# Retrieval chains

Now, we'll combine the basic Expression Language building blocks, document loading and splitting, and vectorstores to create a retrieval chain that can
perform the last two steps of the RAG process:

![](./static/images/rag_diagram.png)

This chain will retrieve chunks that are most similar to the input query via vector similarity search, then will present them to the LLM as context to ground the LLM's generation of a final answer.

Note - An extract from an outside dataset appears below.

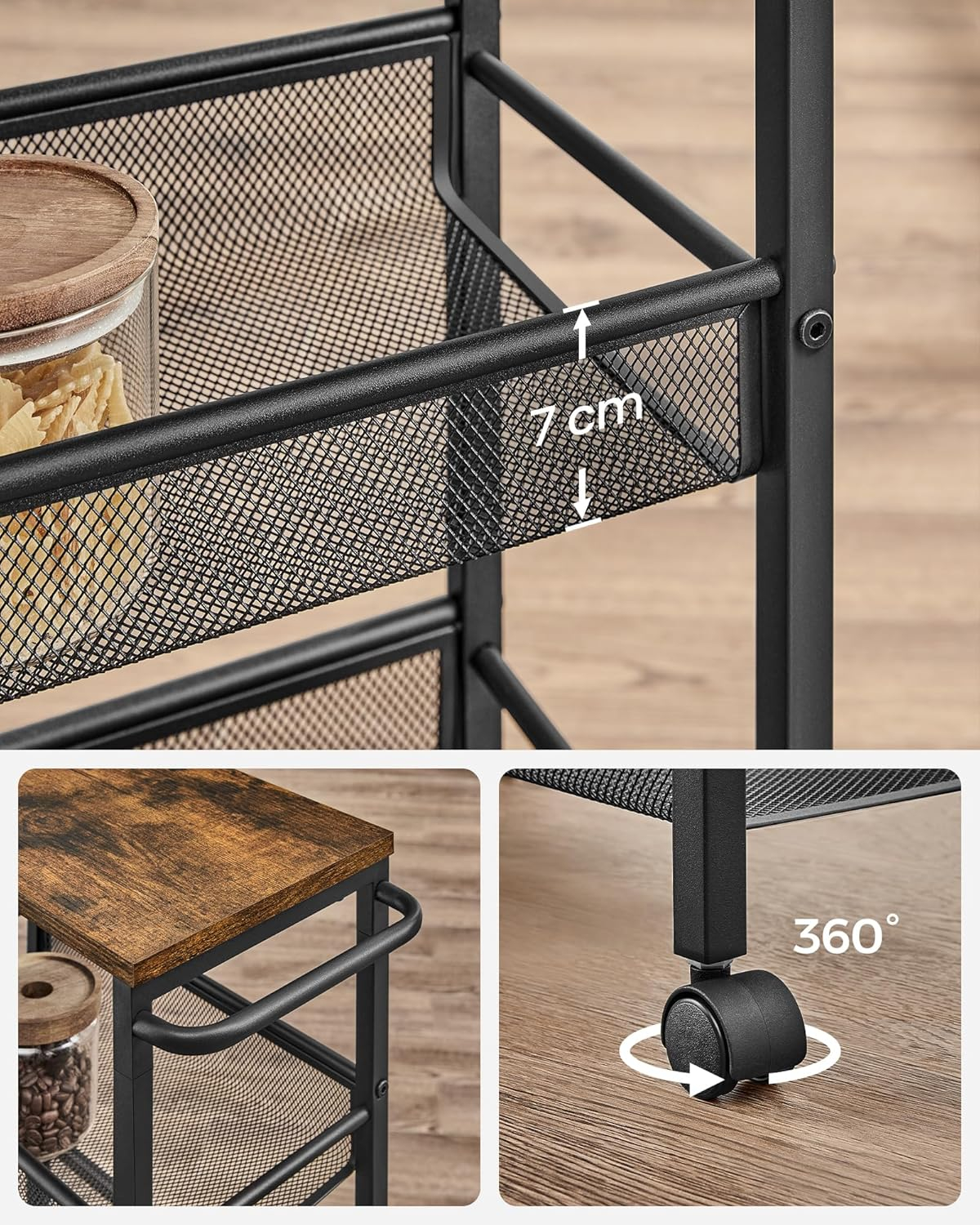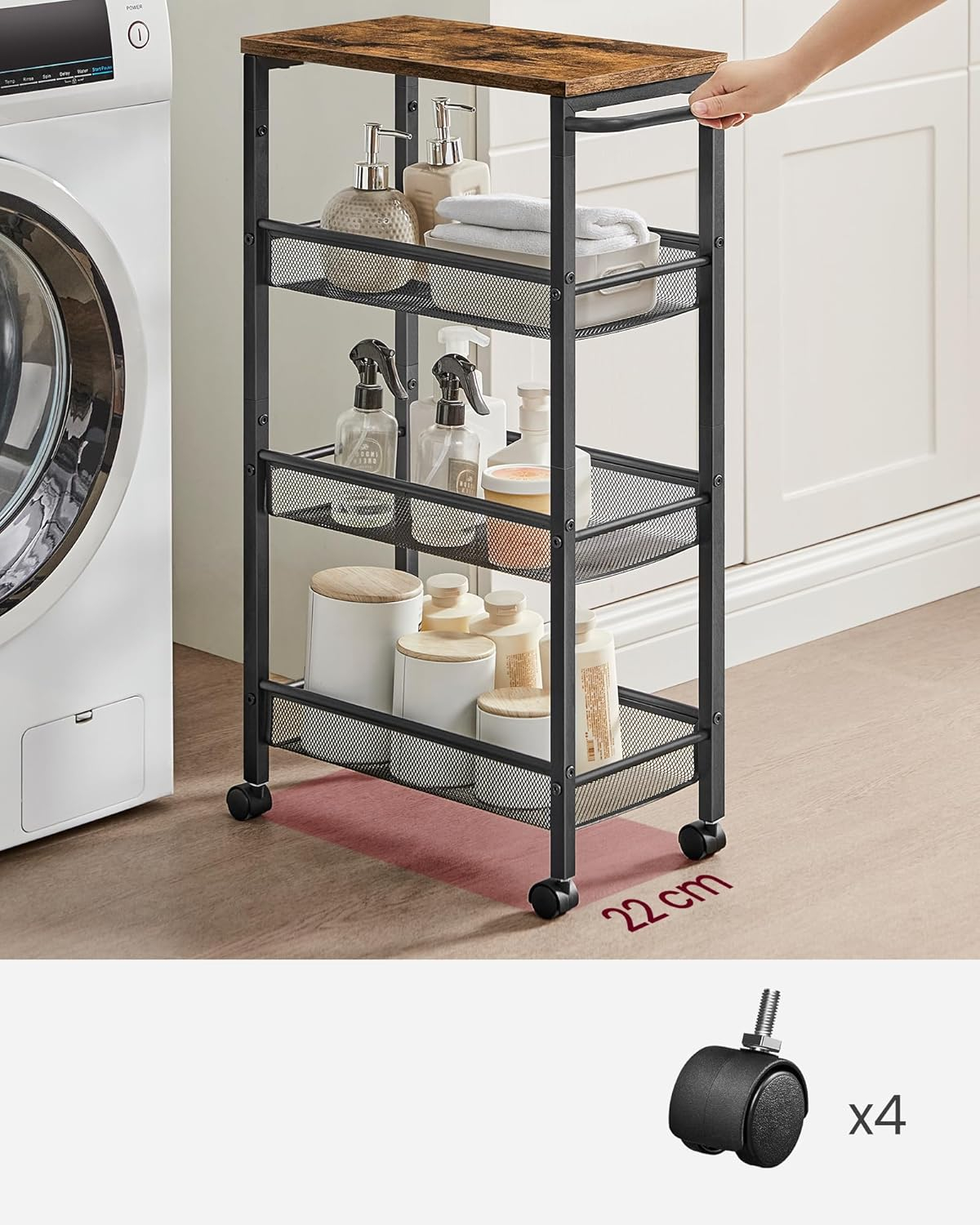 Caruciorul de bucatarie ingust este ideal pentru utilizarea eficienta a spatiilor mici. Cu 4 niveluri si roti, permite organizarea practica si acces rapid la obiecte, fiind usor de mutat in orice incapere.

To start, let's split and load the CS229 lesson PDF transcript from earlier. For brevity, I've factored out the vectorstore initialization code into a helper function that takes arguments for chunk size and chunk overlap. We'll use bigger chunks this time:

In [1]:
import "dotenv/config";

[Module: null prototype] { default: {} }

In [2]:
import { loadAndSplitChunks } from "./lib/helpers.ts";

const splitDocs = await loadAndSplitChunks({
  chunkSize: 1536,
  chunkOverlap: 128,
});

Now, let's load those docs into a vectorstore the same way we did in the previous lesson using OpenAI embeddings:

In [3]:
import { initializeVectorstoreWithDocuments } from "./lib/helpers.ts";

const vectorstore = await initializeVectorstoreWithDocuments({
  documents: splitDocs,
});

Then, we'll create a `retriever` as before from that vectorstore that will fetch the documents for a given natural language query.

In [4]:
const retriever = vectorstore.asRetriever();

Now we're ready to start constructing our retrieval chain!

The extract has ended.